→ **Exercise description**: Every line from the one with "Наша компания выполнила" through the end of the entries below should be written out exactly; the pictures should not.

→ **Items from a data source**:
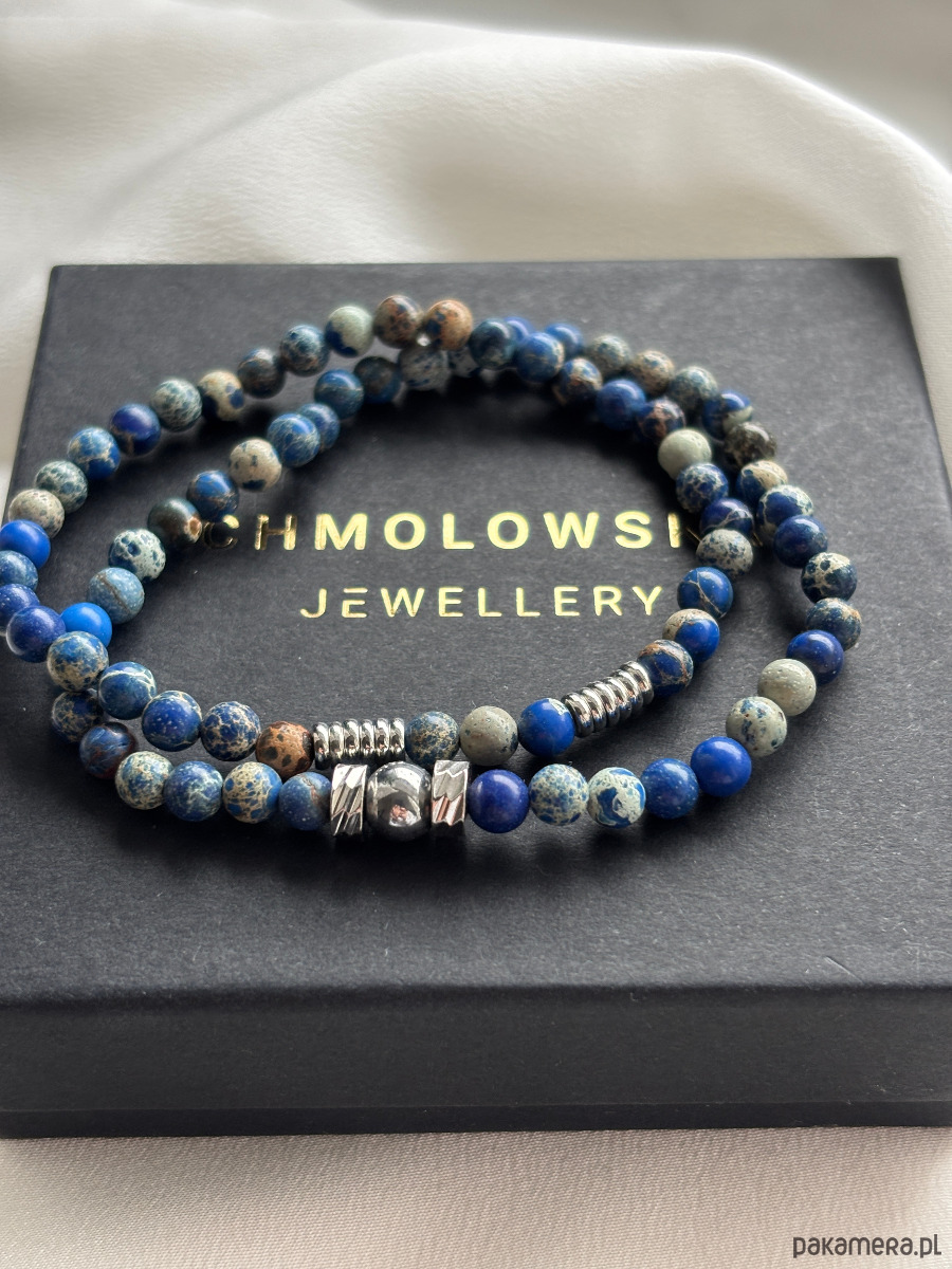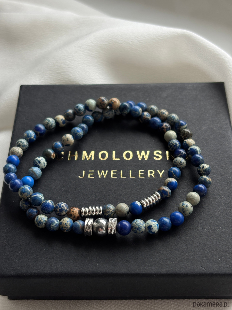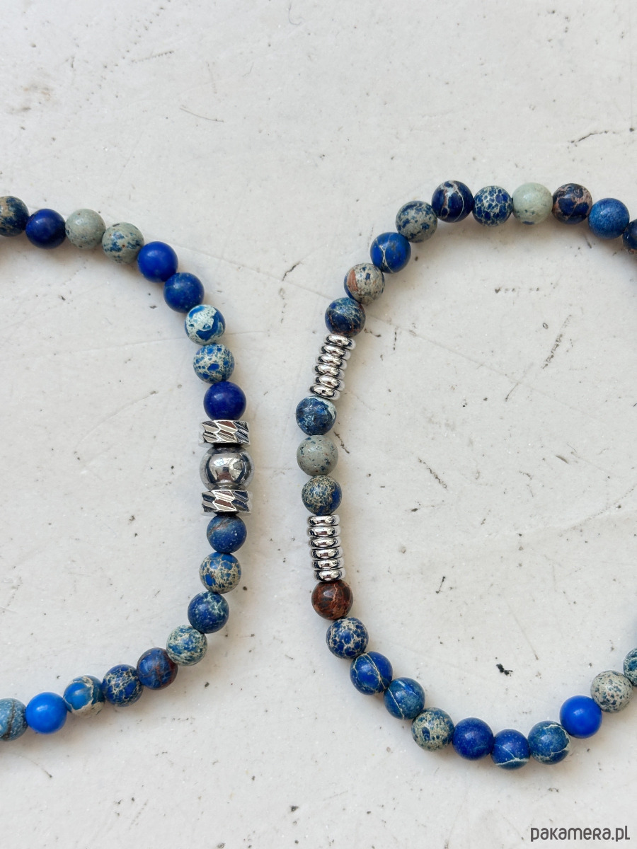 Bransoletka składa się z jaspisu niebieskiego,hematytu oraz przekładki w kolorze srebrnym.
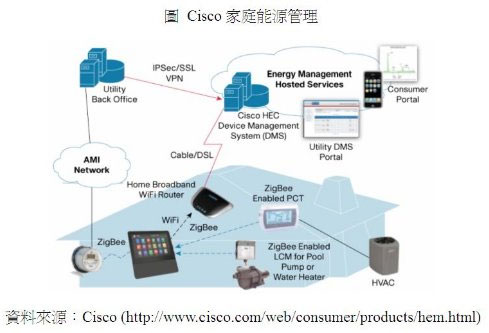 Cisco HEC主要以ZigBee無線網路協定直接與相容的家電進行連結;其他未連線家電則可透過與內建ZigBee係統的可編程通訊型溫控器(Programmable Communicating Thermostat,PCT)或負載控製模組(Load Control Module,LCM)來與HEC進行連結。對外方麵,HEC則透過WiFi無線網路協定與寬頻連結,進一步與Cisco能源管理服務平台連線。服務平台則依據使用狀態、尖離峰動態電價等多項因素來提供最適的電力使用配置建議。未來隨著智慧家電的推出,HEC更可接受家電使用狀態資訊,通知使用者進行保養與維修動作。
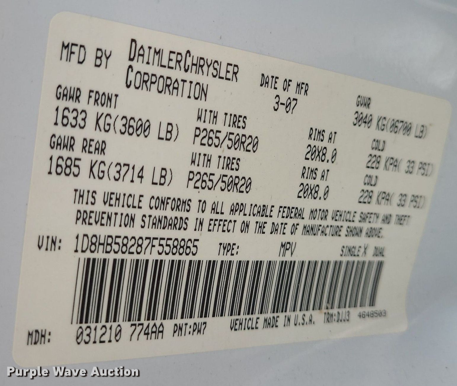 Purple Wave is selling a used Passenger Vehicle in Kansas. This item is a 2007 Dodge Durango Limited SUV with the following: Miles: 93,634 on odometer, VIN: 1D8HB58287F558865
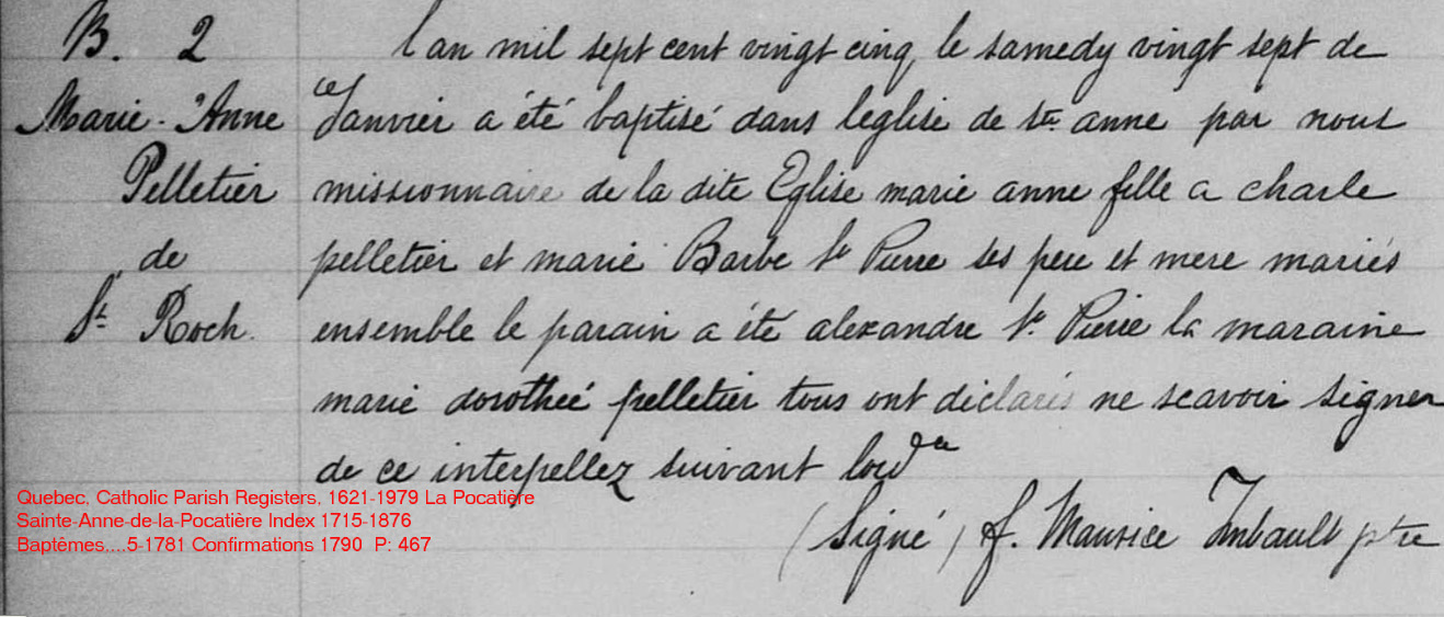 N*1765 D*1850 Mariée à Pierre Thiboutot N*1758 M*1786 D*1845 |
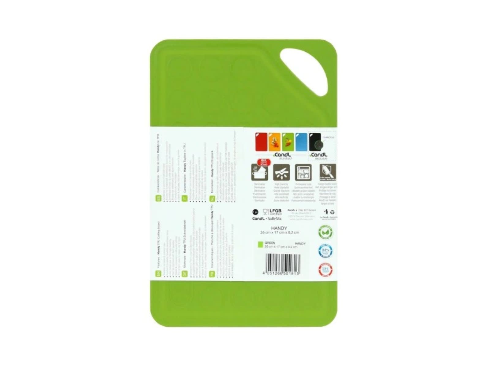 Candl anti-bacterieel groen snijplankje/matje, gemaakt van thermoplastisch polyurethaan (TPU), bijzonder flexibel en resistent.
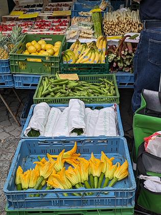 |  | |  | | Apparently every summer weekend in Mainz, there's a big festival. Tons of people around, lots of booths and stands | | Food markets |
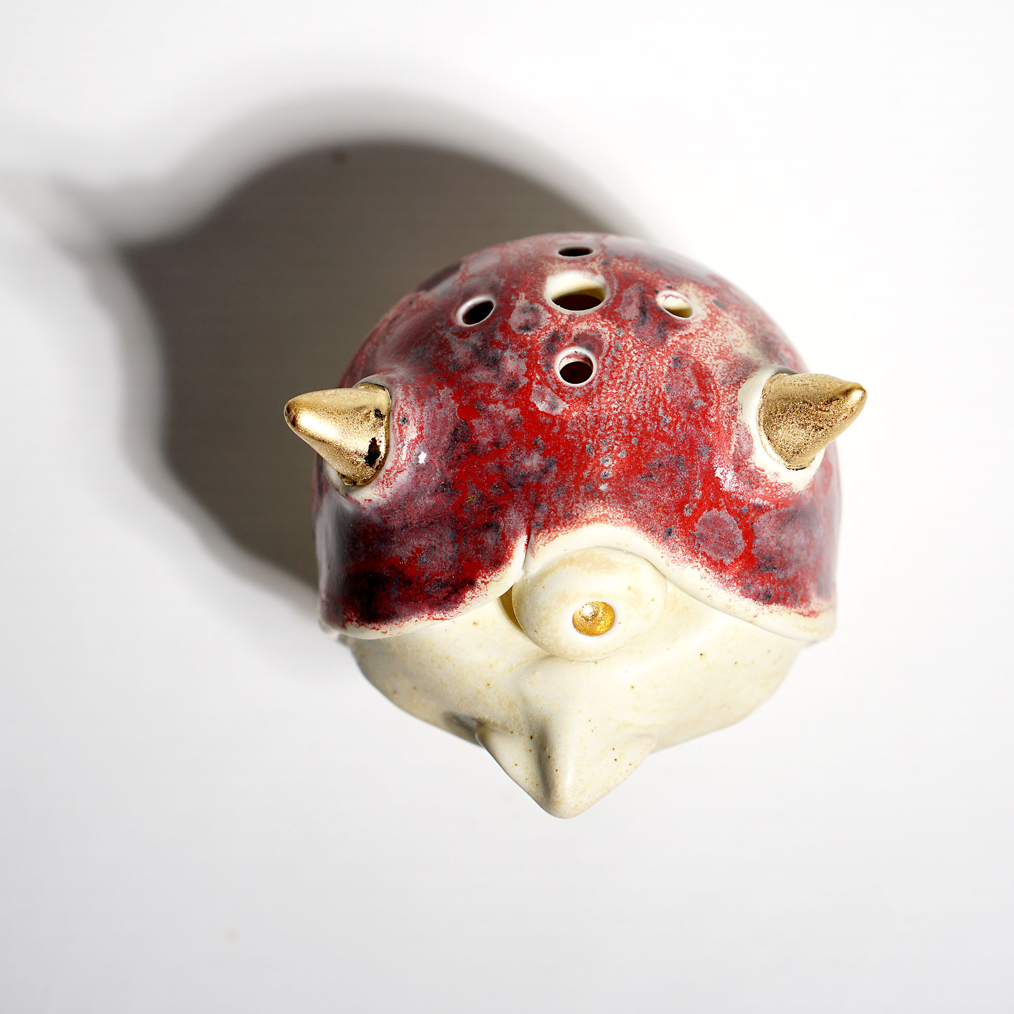 Made by sculpting and wheel throwing, the scent of incense burner spreads subtly through the hollow parts of the lid.
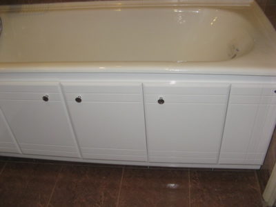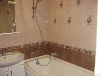 Наша компания выполнила ремонт совмещенного санузла на улице Краснобогатырской. В ходе проведения демонтажных и ремонтно-отделочных работ были полностью заменены отделка поверхностей и установлена новая сантехника (акриловая ванна, мойдодыр, унитаз и электрический полотенцесушитель). Для облицовки стен использовалась бежевая и коричневая керамическая плитка. На пол уложен темный кафель в тон общему интерьеру. Защитный экран под ванной выполнен в виде распашных дверок. Потолок оформлен пластиковыми панелями. Над дверью смонтировано боковое бра. Смета на ремонт — 125000 рублей. Стоимость черновых материалов — 40 тыс. руб.
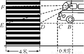 如图,某小学门口有一直线马路,交警在门口设有一条宽度为4米的斑马线,为安全起见,规定车头距斑马线后端的水平距离不得低于2米,现有一旅游车在路口遇红灯刹车停下,汽车里司机与斑马线前后两端的视角分别为∠FAE=15°和∠FAD=30°,司机距车头的水平距离为0.8米,试问该旅游车停车是否符合上述安全标准?(E,D,C,B四点在平行于斑马线的同一直线上)(参考数据:tan15°=2-,≈1.732,≈1.414)
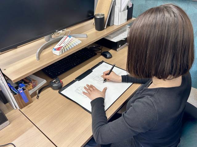 - 20代、30代のスタッフを中心に和気あいあいとした雰囲気です。 役員との距離も近く何でも相談しながら進められる環境。 半期に一度、各自目標設定を行い目指すキャリアを明確にしながら仕事に取り組むことが出来ます。 設計チームは女性2名です。住宅や建築に興味があれば専門的な資格や知識がなくても大丈夫です。 指導に当たる先輩社員も入社1年で小規模工事の打ち合わせや積算をこなしています。 先ずは先輩に同行して業務内容を知りながら出来る内容から取り組んでいただきます。

→ **Exercise result**:
 Наша компания выполнила ремонт совмещенного санузла на улице Краснобогатырской. В ходе проведения демонтажных и ремонтно-отделочных работ были полностью заменены отделка поверхностей и установлена новая сантехника (акриловая ванна, мойдодыр, унитаз и электрический полотенцесушитель). Для облицовки стен использовалась бежевая и коричневая керамическая плитка. На пол уложен темный кафель в тон общему интерьеру. Защитный экран под ванной выполнен в виде распашных дверок. Потолок оформлен пластиковыми панелями. Над дверью смонтировано боковое бра. Смета на ремонт — 125000 рублей. Стоимость черновых материалов — 40 тыс. руб.
 如图,某小学门口有一直线马路,交警在门口设有一条宽度为4米的斑马线,为安全起见,规定车头距斑马线后端的水平距离不得低于2米,现有一旅游车在路口遇红灯刹车停下,汽车里司机与斑马线前后两端的视角分别为∠FAE=15°和∠FAD=30°,司机距车头的水平距离为0.8米,试问该旅游车停车是否符合上述安全标准?(E,D,C,B四点在平行于斑马线的同一直线上)(参考数据:tan15°=2-,≈1.732,≈1.414)
 - 20代、30代のスタッフを中心に和気あいあいとした雰囲気です。 役員との距離も近く何でも相談しながら進められる環境。 半期に一度、各自目標設定を行い目指すキャリアを明確にしながら仕事に取り組むことが出来ます。 設計チームは女性2名です。住宅や建築に興味があれば専門的な資格や知識がなくても大丈夫です。 指導に当たる先輩社員も入社1年で小規模工事の打ち合わせや積算をこなしています。 先ずは先輩に同行して業務内容を知りながら出来る内容から取り組んでいただきます。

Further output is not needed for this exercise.